When I was running for mayor, a voter tracked me down on Election Day to ask this:

“If you were mayor, would you be willing to make a public statement saying that your administration would not tolerate discrimination?”

“Of course,” I responded. “What else?”

Turned out, that was all.

Really?

Yes. The voter explained that other DeKalb mayors had been approached similarly during their tenures, and had refused to make such a statement.

I was astonished at that moment, but in light of recent events it apparently really WAS too much to ask of them.

I’m referring, of course, to the recent exchange between the general manager of Haru of Japan and a member of the city’s liquor commission.

One member of the Commission asked the GM of the Haru of Japan sushi restaurant (who was at the meeting for liquor license approval and I am not kidding on this question), “What ethnicity of waitstaff are your [sic] going to hire?”

The GM of Haru of Japan looked shocked.
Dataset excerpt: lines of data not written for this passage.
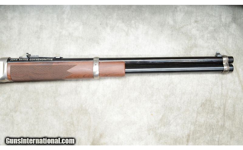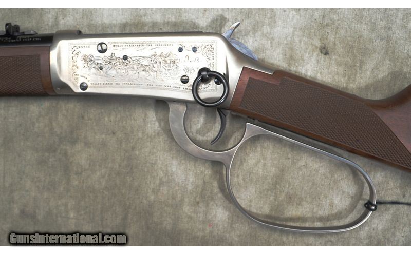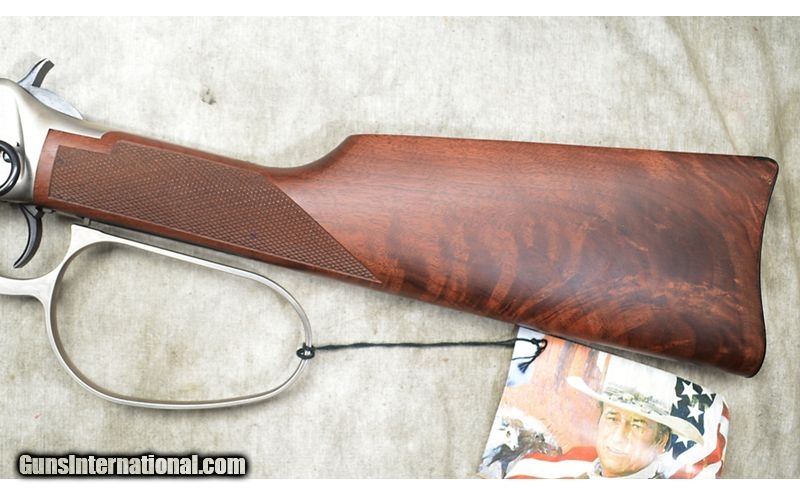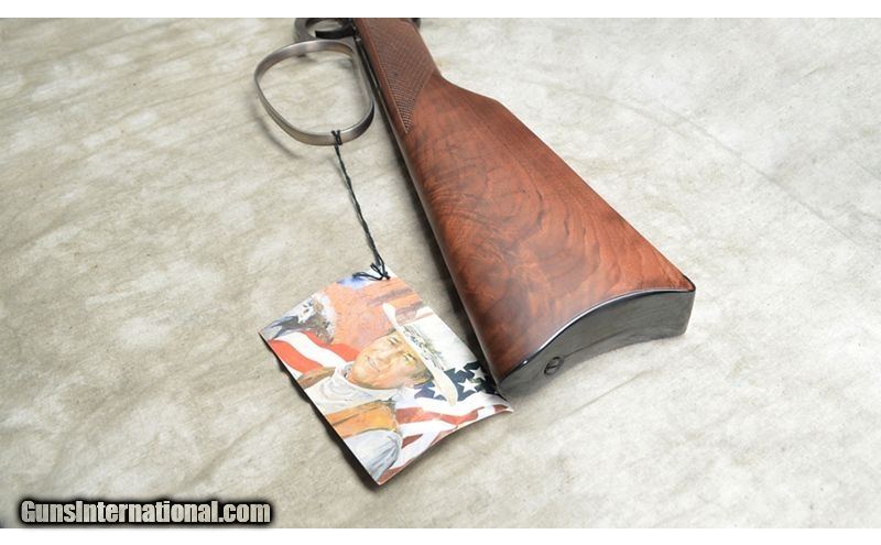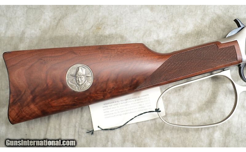 Description: This Model 94 Large Loop SRC commemorates the entertainment career of John Wayne. It features the large loop action that he made famous through many of his movies, nice checkered walnut stock, and engraved coined receiver. .32-40 Winchester SOLD Chambers: 7 Metal Condition: Like New in the Box. Wood Condition: Like New in the Box. Bore Condition: Like New in the Box. Barrels: 18_INCH. Triggers: Factory trigger. Stock Dimensions: 13-1/4 inch LOP. Fore End: Matching walnut. Butt Pad: Curved steel plate. Weight: 6 lb - 4 oz. Sights: Post and semi-buckhorn open sights. Item Location: Rogers |
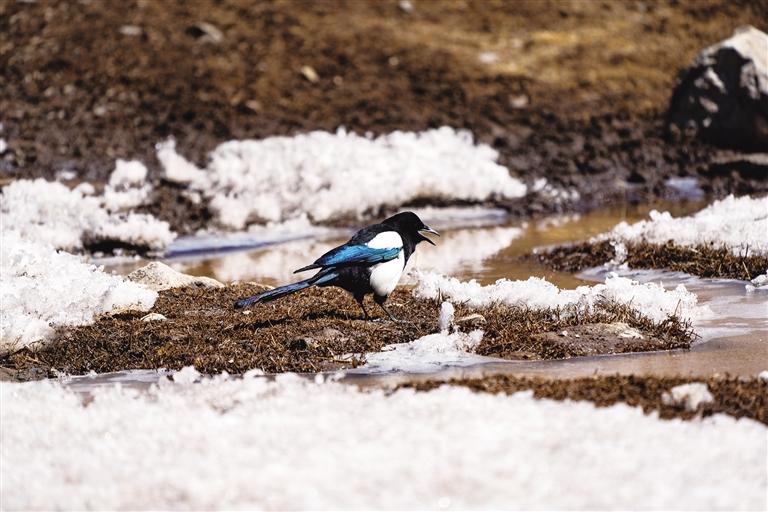 山谷內(nèi),牦牛悠然自得地吃著草,彎曲的小河縱向穿過草甸,河面還覆蓋著半邊冰殼,活水從豁口涌出,推著碎冰碴子旋轉(zhuǎn),撞擊在冰沿上發(fā)出清脆的聲響。潺潺流水聲、牛叫聲與鳥類的鳴啼交織在一起,奏響了一曲治愈的鄉(xiāng)村小調(diào)。
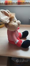 Vendo peluche originale Topo Gigio, personaggio iconico degli anni ‘60 e amato da grandi e piccoli. Il pupazzo è in buone condizioni generali, con abbigliamento a righe rosse e capelli sintetici.
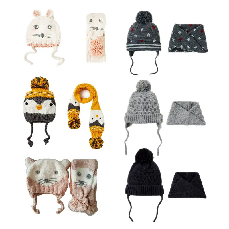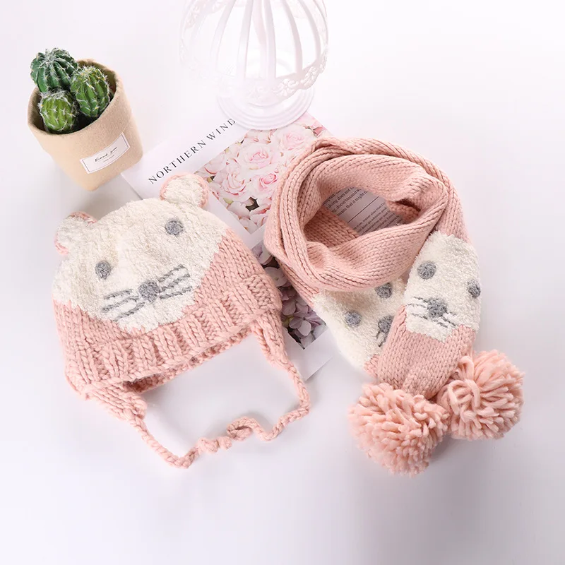 Шапка Вязаная Детская, зимняя, с помпоном, 2 шт.компл.
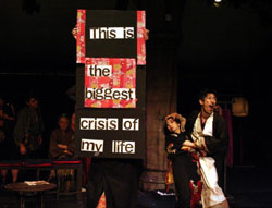 I am always annoyed to have to read subtitles when great foreign theater companies come to Japan, because you spend all the time looking at the electronic screen and miss a lot of what is happening on stage. So I try not to use those kinds of subtitles, but instead incorporate punchy story-line aids in English on placards we build into the play, and sometimes we'll have a brief plot narration in English halfway through.
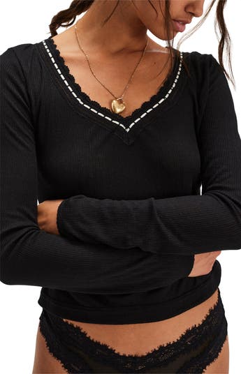Ribbon lace trim highlights the V-neckline of this long-sleeve pajama top made from a semisheer cotton-rich rib.
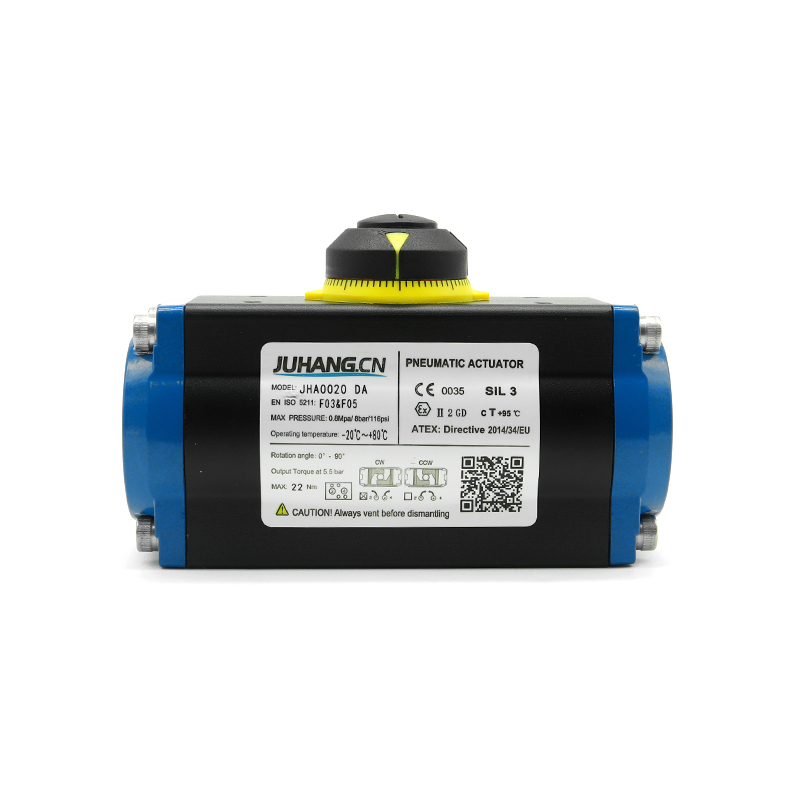 ریک اور پنیئن نیومیٹک ایکچوایٹر ڈبل اداکاری JH0020DA ، اعلی معیار ، کم رگڑ ، لمبی زندگی ، سوئچنگ ٹائمز 1 ملین سے زیادہ گنا ، اعلی استحکام۔
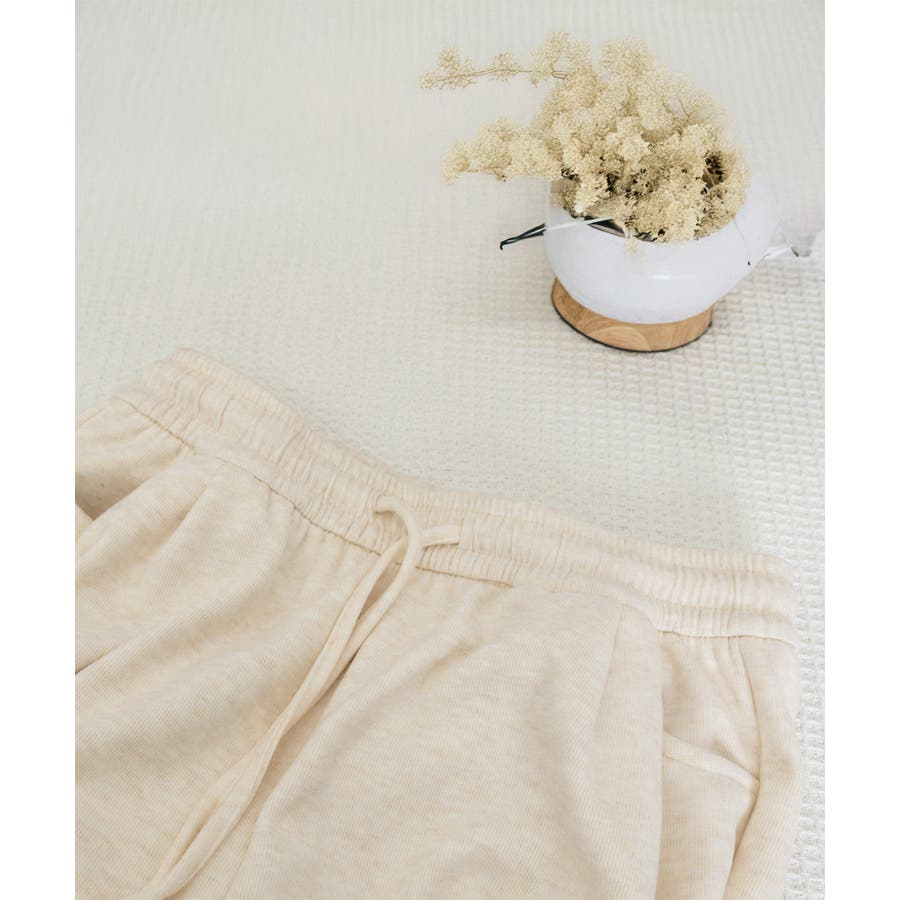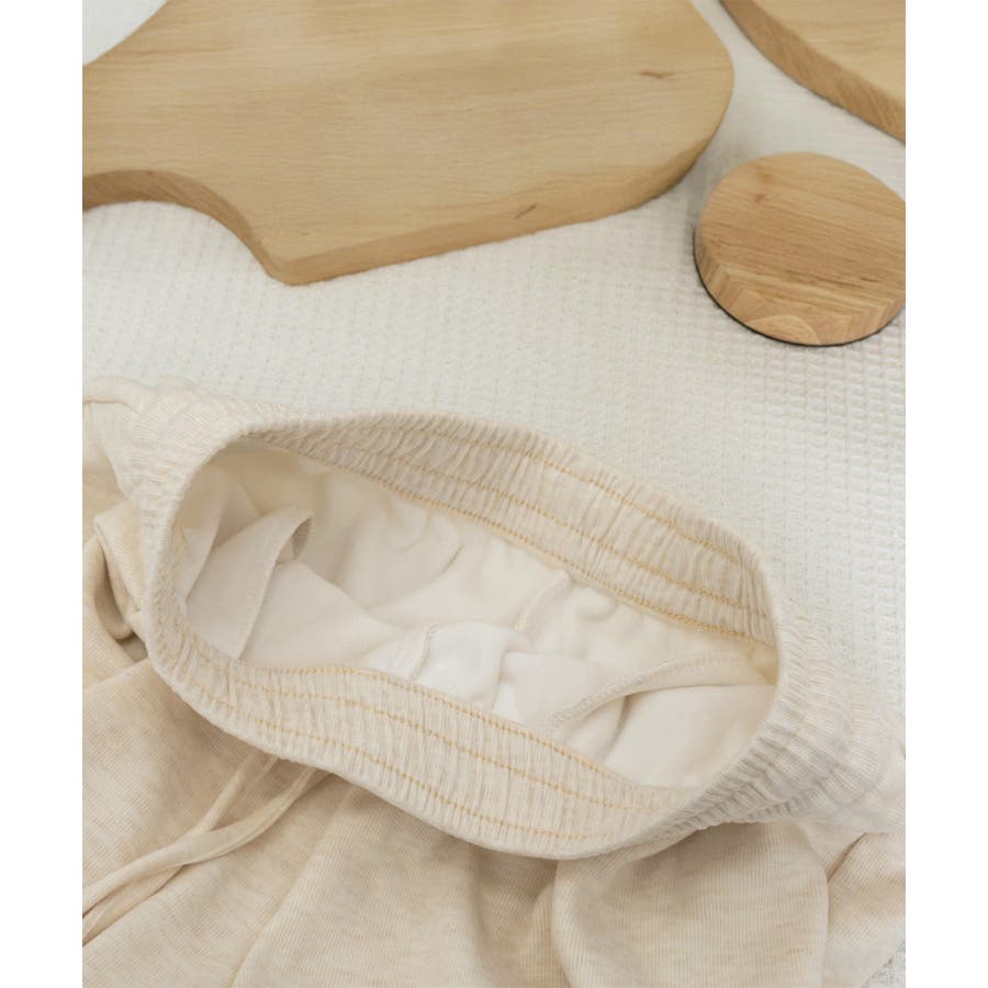 ウエストはゴム&紐仕様で、お好みに合わせて快適な履き心地を実現。

He gave a great answer, “We are going to hire responsible people who want to work and be over 21 if they serve alcohol.”

It actually wasn’t a great answer so much as it was the ONLY answer he could give without potentially getting into trouble with the EEOC. In essence, the liquor commission member was asking the restaurant manager whether he intended to discriminate on the basis of ethnicity. If the manager had said, yes, indeedy, we’re gonna hire Japanese wait staff only, what would have been the response? Would Mr. Embrey have nodded approvingly? We’ll never know, because the employer made it clear he was going to follow the law.

Thank goodness, because I’m sure the city would have run far with such a precedent. It would have meant that I, the bestest busboy in town, could not work in a Japanese-style restaurant because my “inauthenticity” would detract from the cultural ambience. Instead, I would be relegated to laboring at the DeKalb Hofbrauhaus in entwined pigtails and Dirndl, serving up platters of Rahmschnitzel and potatoes, and belting out “Du, Du Liegst Mir Im Herzen” on the hour despite severe allergies to Blechmusik.

And if there’s no Hofbrauhaus in DeKalb, then too bad for me.